Bill Buckner, Red Sox All-Star Famous For Mistake In 1986 World Series, Dies Of Lewy Body Dementia At 69
MLB All-Star and California native Bill Buckner passed away Monday at the age of 69, according to the MLB and his wife, Jody Buckner.
The outfielder and eventual All-Star first baseman played for the Los Angeles Dodgers, Kansas City Royals, the California Angels and his most well-known tenure, the Boston Red Sox. Over his career, Buckner generated 2,715 hits, 174 home runs, scored over 1200 runs and retired with a .289 batting average.

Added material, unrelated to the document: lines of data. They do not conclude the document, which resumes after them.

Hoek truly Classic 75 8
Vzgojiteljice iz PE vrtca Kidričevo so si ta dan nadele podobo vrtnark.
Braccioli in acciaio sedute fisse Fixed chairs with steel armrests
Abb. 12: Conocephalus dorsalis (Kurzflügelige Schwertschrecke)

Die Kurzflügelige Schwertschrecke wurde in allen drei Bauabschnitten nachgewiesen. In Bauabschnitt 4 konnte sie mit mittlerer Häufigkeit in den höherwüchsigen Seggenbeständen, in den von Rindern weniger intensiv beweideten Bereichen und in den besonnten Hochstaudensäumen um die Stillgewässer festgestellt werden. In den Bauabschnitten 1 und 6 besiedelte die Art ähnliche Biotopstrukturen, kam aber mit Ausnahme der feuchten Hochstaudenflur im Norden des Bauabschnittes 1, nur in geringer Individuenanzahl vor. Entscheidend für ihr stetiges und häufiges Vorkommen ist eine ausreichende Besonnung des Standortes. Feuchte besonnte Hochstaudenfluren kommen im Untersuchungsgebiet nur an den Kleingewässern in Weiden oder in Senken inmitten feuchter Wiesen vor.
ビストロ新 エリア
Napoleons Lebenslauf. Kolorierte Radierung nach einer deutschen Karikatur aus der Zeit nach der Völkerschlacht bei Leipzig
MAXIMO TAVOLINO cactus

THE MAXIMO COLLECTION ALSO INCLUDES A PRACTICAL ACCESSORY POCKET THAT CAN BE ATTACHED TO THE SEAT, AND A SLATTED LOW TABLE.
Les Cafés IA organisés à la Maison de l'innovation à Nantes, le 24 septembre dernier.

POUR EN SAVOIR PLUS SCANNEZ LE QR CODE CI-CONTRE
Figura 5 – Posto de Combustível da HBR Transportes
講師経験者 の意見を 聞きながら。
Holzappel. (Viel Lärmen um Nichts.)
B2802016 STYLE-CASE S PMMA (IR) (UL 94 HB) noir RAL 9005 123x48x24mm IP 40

To this day, Buckner was remembered for his tragic mistake during the 1986 World Series, when he let a ball slip in between his legs that let Ray Knight of the New York Mets score the winning run. Unfortunately, many pointed the blame at Buckner for the Red Sox having lost that World Series, continuing the Boston “curse.” Backlash ensued and Buckner was in the spotlight for longer than he wanted to be. The Red Sox released Buckner in the summer of the following year.
That night haunted Buckner for decades, as he told The New York Times in a 2011 interview, “You can never really forget it because it comes up all the time. I’m a competitive guy, so it’s something I didn’t enjoy. But for some reason, the stars were all lined up just right for the Mets that year, and here we are, 25 years later, still talking about it.”

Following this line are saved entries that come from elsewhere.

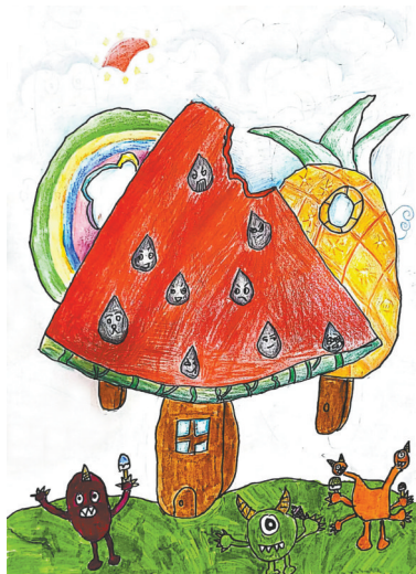
冰淇淋城堡 中心路小学二(4)班 王镜齐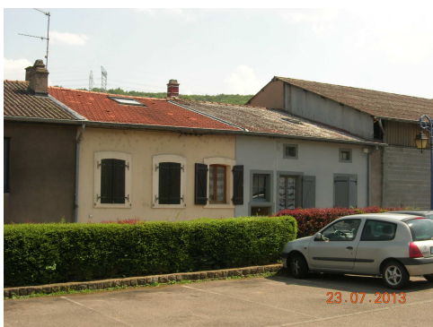
espace public avec stationnement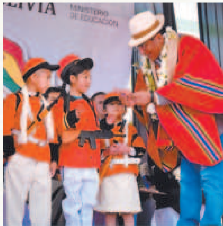
Entrega del Bono Juancito Pinto.

Luis Arce Catacora Presidente del Estado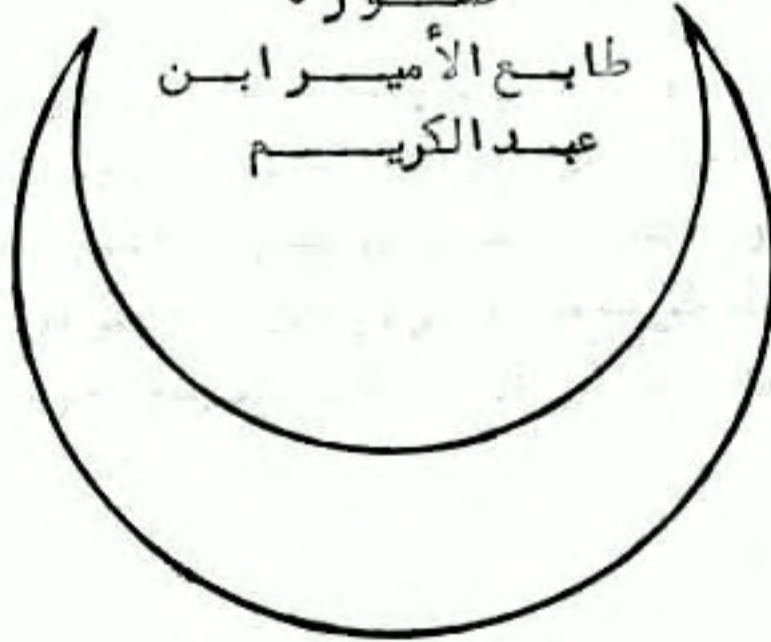
صورة طابع الأمير ابن عبد الكريم

الراية حمراء، والكتابة بداخلها بالذهب في صحن أبيض، والطيبع من فضة

After he left the Red Sox, Buckner played for the Royals and the Angels before returning to Boston in 1990. Buckner received a standing ovation in his return to Fenway Park. Buckner retired the following season and moved to Idaho to live in seclusion, and helped the Toronto Blue Jays and the Chicago White Sox as a hitting coach.
The Red Sox “curse” of the 80s and 90s ended at the turn of the century when they won a title in 2004 and again in 2007. Then, in April 2008, Buckner was honored to throw the opening pitch of the new season and received another standing ovation from the crowd.